Corrosion problem in research reactors
About 700 nuclear research and test reactors have been constructed around the world since the beginning of the nuclear age. More than 250 of these reactors are still in operation. The age distribution of operating research reactors peaks at between 35 and 40 years, with 61% of them more than 30 years old9. Many of those permanently shut down are still managing spent fuel in interim storage.The most common storage location for spent fuel from research reactors is in at-reactor water pools or auxiliary away-from reactor pools. Most of the fuel used in research reactors in both eastern and western countries is fabricated with a core consisting of uranium–aluminium alloys and protected by an aluminium alloy cladding. A small percentage of the fuel is clad with stainless steel, zirconium or other alloys. Fuel is regarded as spent nuclear fuel, regardless of burnup, when it is discharged from the reactor core for the final time. It is then normally placed in pools for cooling and interim storage until a final disposition is made. Some of these aluminium clad spent fuels have been in water storage for more than 40 years and remain in pristine condition, while others are severely degraded by pitting corrosion. Pitting corrosion of the fuel can lead to breach of the cladding material and release of radioactivity to the storage basin.

Corrosion protection
The corrosion of reactor materials is dependent on a number of interrelated factors.
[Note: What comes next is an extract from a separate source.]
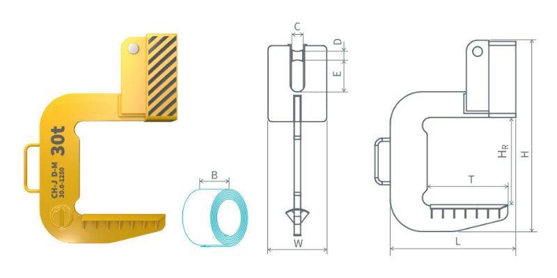 Carlig ridicat rulouri de tabla 10- 40 t, model CH-J D-M

These factors may operate singly or synergistically, making predictions difficult. In the case of spent fuel, many of the metallurgical factors are already inherent in the spent fuel when a reactor operator receives the fuel from the fuel manufacturer.Factors such as alloy composition, heat treatment, microstructure, nature and thickness of the protective oxide coating, inclusions and impurities in the alloy, and cold work play a role in the corrosion processThese factors cannot be controlled during wet storage. However, the environmental and service related factors that can be controlled and used to optimize corrosion protection of the concerned materials, such aluminium clad fuel during interim wet storage.

The following protection mechanisms are actually for corrosion protection of the aluminium cladding, to prevent breach of this cladding and subsequent corrosion of the fuel core. However, most research reactor fuel is fabricated from uranium–aluminium alloys, and this type of fuel exhibits corrosion behaviour similar to that of aluminium. Also, the protection mechanisms would be applicable to aquaeus corrosion in general. Therefore implementation of these protection guidelines should also, for example, minimize corrosion of the fuel core.
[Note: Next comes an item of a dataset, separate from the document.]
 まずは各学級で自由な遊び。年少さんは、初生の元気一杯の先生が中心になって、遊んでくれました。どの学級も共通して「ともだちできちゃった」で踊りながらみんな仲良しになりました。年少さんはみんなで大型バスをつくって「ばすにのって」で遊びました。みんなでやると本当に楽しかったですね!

The protection mechanism to be outlined focuses mainly on maintaining high quality water in the fuel storage pool. It is the single most important factor in controlling corrosion of aluminium clad spent fuel assemblies and other aluminium alloy components stored in the pool. Treatment and purification of the water in the pool and any make-up water with the aid of filters and ion exchange resins is essential to achieve optimum storage performance.


summary
Aluminum is ideally suited for use in low kilowatt power and low temperature reactors due to its low cost, low thermal neutron absorption, and freedom from corrosion at low temperatures.  Aluminum, with its low neutron capture cross section is the preferred cladding material for moderate temperature ranges.
Aluminum has been ruled out for power reactor application due to hydrogen generation and it does not have adequate mechanical and corrosion-resistant properties at the high operating temperatures.